Den Wunschpreis von 1.200 Euro kommentierte die Expertin mit 1.000 bis 1.500 Euro. Horst Lichter stellte sich neben den Action-Helden und imitierte dessen Geste. In Ermangelung an Lichtschwertern empfahl Annika Raßbach ihm Händlerkarten.
Auch im Händlerraum kennt niemand die Figur
"Wer das ist, weiß kein Mensch", war Walter Lehnertz sicher. Zumindest im Händlerraum. Julian Schmitz-Avilas schwächelnde Expertise: "Das ist ein Mann." Jos van Katwijk scheiterte bereits beim Lesen: "Star Wars: The Force Unreleased", las er falsch vor.
"Das ist halt ein Kämpfer, das erkennt man an den Schwertern", gab sich Julian Schmitz-Avila wenig Mühe. "Aber der war nicht im Fernsehen - also in den Filmen - drin?", fragte Walter Lehnertz. "Leider nicht, aber im Radio quasi - da habe ich ihn gewonnen", erklärte Max.
"Ja, verrückt auf jeden Fall", entschied Julian Schmitz-Avila. Er bot zum Start 200 Euro. Wolfgang Pauritsch, Walter Lehnertz und Jos van Katwijk folgten. Als der Niederländer auf Schmitz-Avilas 350 Euro mit "375" reagierte, fragte Schmitz-Avila: "Häh?"
Wolfgang Pauritsch kommentierte scherzhaft: "Holländische Gulden." Als Jos van Katwijk 425 Euro bot, schaltete sich Wolfgang Pauritsch ein. Er versuchte, dem Verkäufer in die Karten zu schauen ... "Ich habe überhaupt keine Ahnung davon", gab er zu. "Wie sind denn unsere Gebote, helfen Sie uns ein bisschen", bat er Max.

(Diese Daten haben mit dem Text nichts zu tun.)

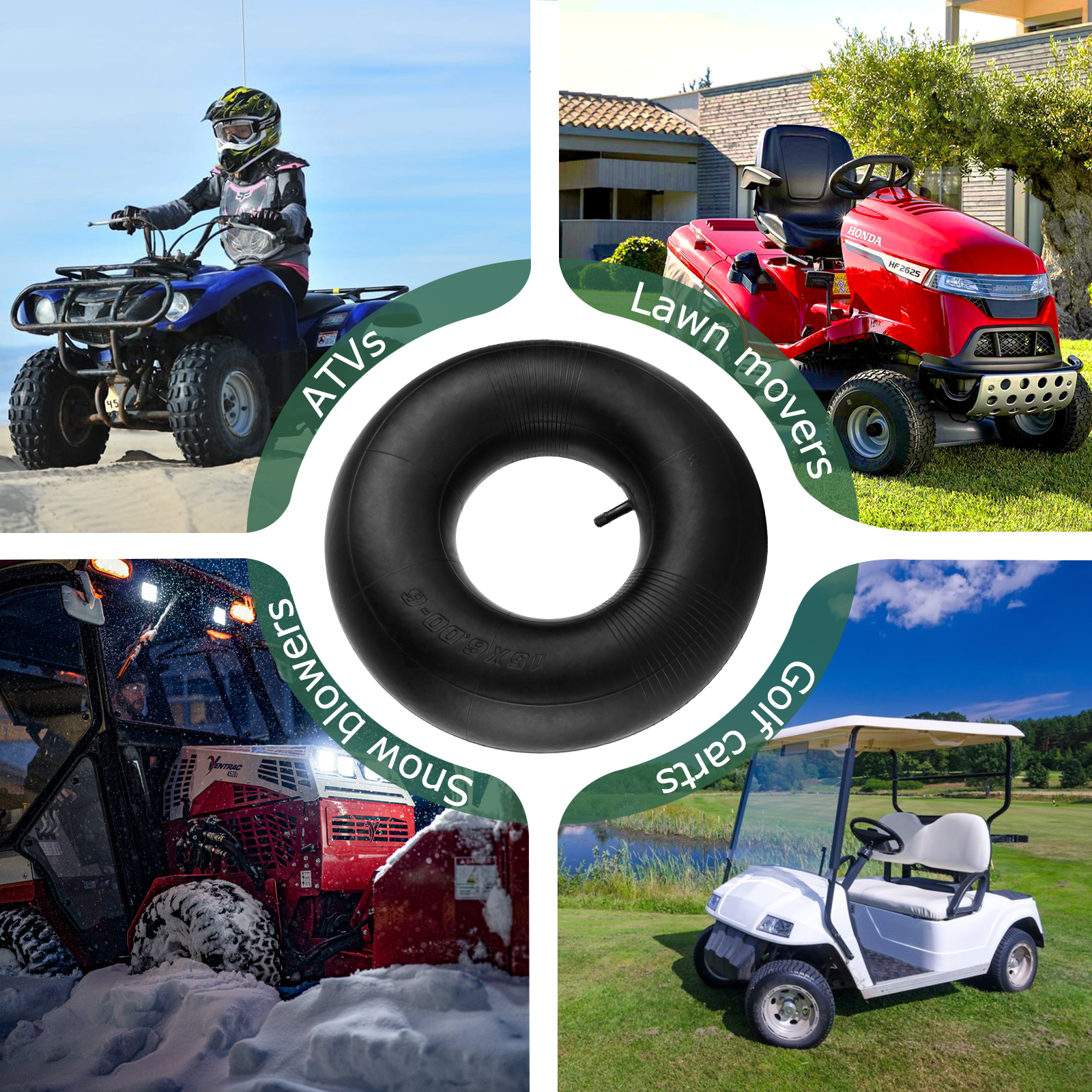 Pefect Fit: Replacement Tire Inner tubes for 15x6.00-6" Tires. This replacement inner tubes universal fit for 15x6.00-6" tires/wheels (15"-15.5" outside diameter, 6" width). Also called as 15x600-6,15x5.00-6,15X6-6, 600-6, 650-6,6.50-6, 5.30-6, 145/70-6.

Der nannte offenherzig den Schätzpreis von 1.000 bis 1.500 Euro.
"Der sieht richtig gut aus", schwärmte Susanne Steiger. Allerdings hatte sie eigenwillige Ideen: "Ich kann mir sehr gut vorstellen, dass man den auf einen Saugroboter stellt. Der fährt dann nachts durch den Laden und schreckt die Einbrecher ab." Die Kollegen lachten.
Julian Schmitz-Avila hatte eine andere Idee für die Zweckentfremdung des Objekts: "Wir können den als Security bei uns an die Tür stellen." Jos van Katwijk wiederum wollte den "Starkiller" für sich selbst haben. Er bot 550 Euro. Zu wenig, fand Max. Sie einigten sich auf 600 Euro. Zwar nur die Hälfte des ursprünglichen Preiswunsches, aber Max war zufrieden. Vielleicht ja auch aus Dankbarkeit für den gewonnenen nutzbaren Platz zu Hause ...
"Bares für Rares": Das waren die weiteren Objekte der Sendung
Julien und Tom wollten Märchen-Scherenschnitte ihrer Großmutter veräußern. Annika Raßbach taxierte auf maximal 100 Euro. Wolfang Pauritsch bot sogar 200 Euro, doch die Zwillinge lehnten überraschend ab. Sie wollten spontan die Erinnerungen an Omas Werk behalten.
Ein Diamantanhänger mit Kette aus 585er Gold und Platin wollte das Ehepaar Fredi und Petra für 500 Euro verkaufen. 600 bis 700 Euro hielt Patrick Lessmann für realistisch. Susanne Steiger verdoppelte den Wunschpreis: 1.000 Euro!
Vier edle Früchtelöffel aus England, datiert auf 1780 bis 1790, wollte Alexander für 250 Euro abgeben. Patrick Lessman erhöhte auf bis zu 650. Wolfgang Pauritsch war das schmucke Besteck-Set 500 Euro wert.
Eine Tabatière mit einer Darstellung von Louis XVI wollte Kerstin für 300 Euro verkaufen. Bianca Berding hielt nur bis zu 200 für angemessen. Susanne Steiger bezahlte zum Glück 350 Euro.